Information contained in this Annual Report on Form 10-K (this “Report”), in other filings by Zayo Group, LLC (“we” or “us”), with the Securities and Exchange Commission (the “SEC”) in press releases and in presentations by us or our management that are not historical by nature constitute “forward-looking statements,” which can be identified by the use of forward-looking terminology such as “believes,” “expects,” “plans,” “intends,” “estimates,” “projects,” “could,” “may,” “will,” “should,” or “anticipates,” or the negatives thereof, other variations thereon or comparable terminology, or by discussions of strategy. No assurance can be given that future results expressed or implied by the forward-looking statements will be achieved and actual results may differ materially from those contemplated by the forward-looking statements. Such statements are based on management’s current expectations and beliefs, and are subject to a number of risks and uncertainties that could cause actual results to differ materially from those expressed or implied by the forward-looking statements. These risks and uncertainties include, but are not limited to, those relating to our financial and operating prospects, current economic trends, future opportunities, ability to retain existing customers and attract new ones, our acquisition strategy and ability to integrate acquired companies and assets, outlook of customers, reception of new products and technologies, and strength of competition and pricing. Other factors and risks that may affect our business and future financial results are detailed in our SEC filings, including, but not limited to, those described under “Item 1A: Risk Factors” and in this “Management’s Discussion and Analysis of Financial Condition and Results of Operations.” We caution you not to place undue reliance on these forward-looking statements, which speak only as of their respective dates. We undertake no obligation to publicly update or revise forward-looking statements to reflect events or circumstances after the date of this Report or to reflect the occurrence of unanticipated events, except as may be required by law.
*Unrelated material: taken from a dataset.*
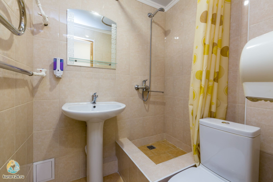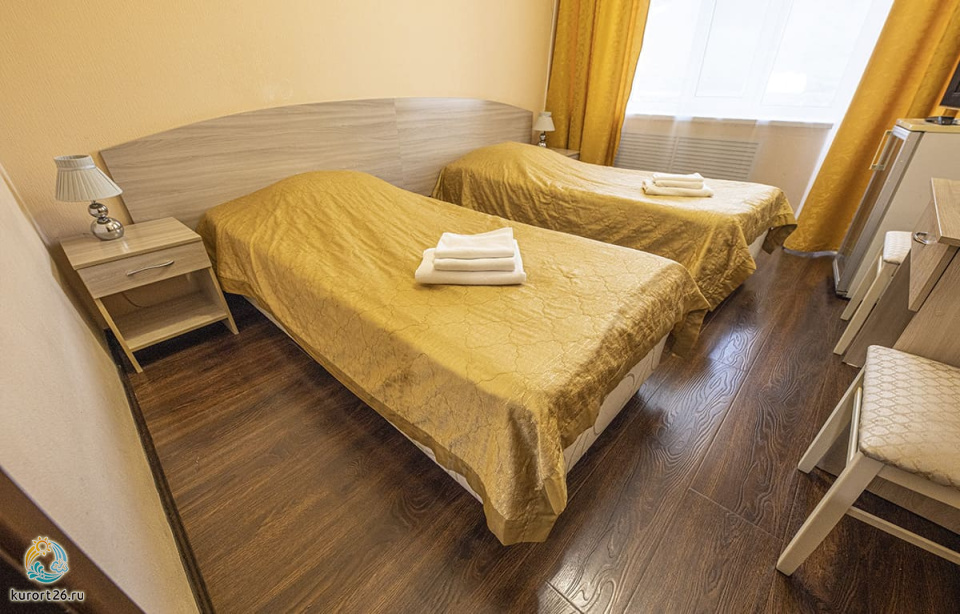 холодильник, телевизор, набор чайной посуды, санузел с душевой кабиной, ванные принадлежности, шкаф, прикроватные тумбочки, электрочайник, стол, ванная комната, две односпальные кровати

The following discussion and analysis should be read together with our audited consolidated financial statements and the related notes appearing elsewhere in this Report.
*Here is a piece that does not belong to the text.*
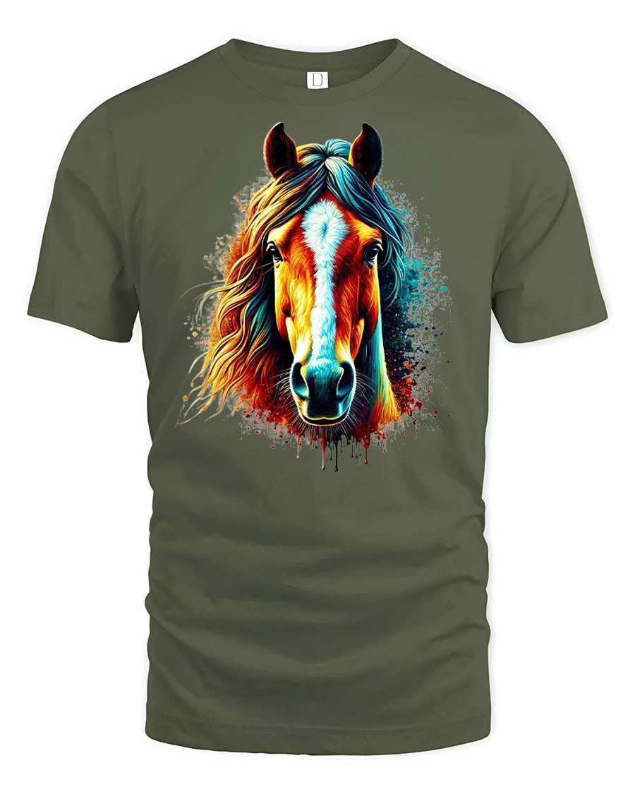 Make a bold statement with the Wild Spirit Horse Graphic Tee with Colorful Mane, a vibrant and stylish design perfect for horse lovers, western fashion fans, and anyone who admires powerful artwork. Featuring a stunning horse head with neon colors and paint-splash details, this tee combines wild spirit with artistic flair.

Amounts presented in this Item 7 are rounded. As such, rounding differences could occur in period-over-period changes and percentages reported throughout this Item 7.

Overview

Introduction

We are a provider of bandwidth infrastructure and network-neutral colocation and interconnection services, which are key components of telecommunications and Internet infrastructure services. These services enable our customers to manage, operate, and scale their telecommunications and data networks and data center related operations. We provide our bandwidth infrastructure services over our dense metropolitan, regional, and national fiber networks, enabling our customers to transport data, voice, video, and Internet traffic, as well as to interconnect their networks. Our bandwidth infrastructure services are primarily used by wireless service providers, carriers and other communications service providers, media and content companies, and other bandwidth-intensive enterprises. We typically provide our lit bandwidth infrastructure services for a fixed-rate monthly recurring fee under long-term contracts, which average more than three years in length (and average approximately six years for fiber-to-the-tower services). Our dark fiber contracts are generally longer term in nature, averaging approximately twelve years. Our network-neutral colocation and interconnection services facilitate the exchange of voice, video, data, and Internet traffic between multiple third-party networks.
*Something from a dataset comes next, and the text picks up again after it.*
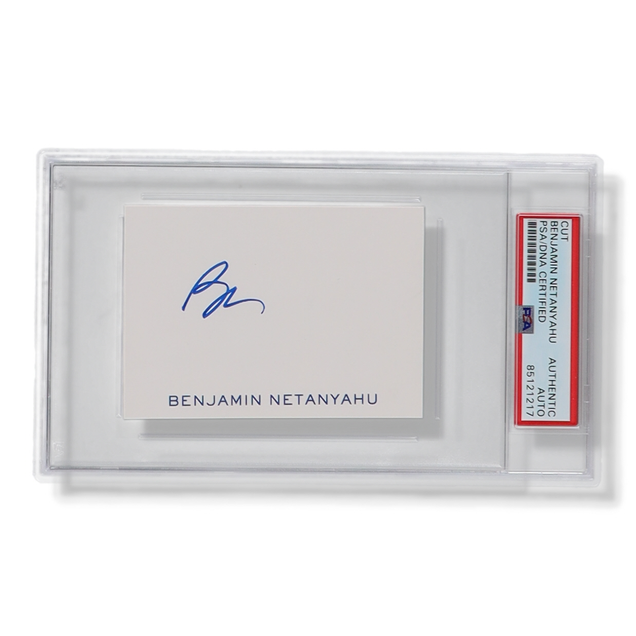 Cut measures 3" x 4" in size. Hand-signed by Benjamin Netanyahu.

As of June 30, 2012, our fiber networks spanned approximately 46,504 route miles and 2,054,000 fiber miles, served 204 geographic markets in the United States, and connected to 6,055 buildings, including 2,538 cellular towers, allowing us to provide our bandwidth infrastructure services to our customers over redundant fiber facilities between key customer locations. The majority of the markets that we serve, and buildings to which we connect, have few other networks capable of providing similar bandwidth infrastructure services, which we believe provides us with a sustainable competitive advantage in these markets. As a result, we believe that the services we provide to our customers would be difficult to replicate in a cost- and time-efficient manner. We provide our network-neutral colocation and interconnection services utilizing our own data centers located within three major carrier hotels in the important gateway markets of New York and New Jersey and in facilities located in Chicago, Illinois; Las Vegas, Nevada; Los Angeles, California; Nashville, Tennessee; Plymouth, Minnesota; Cincinnati, Ohio; Cleveland, Ohio; Columbus, Ohio; Pittsburgh, Pennsylvania; and Memphis, Tennessee.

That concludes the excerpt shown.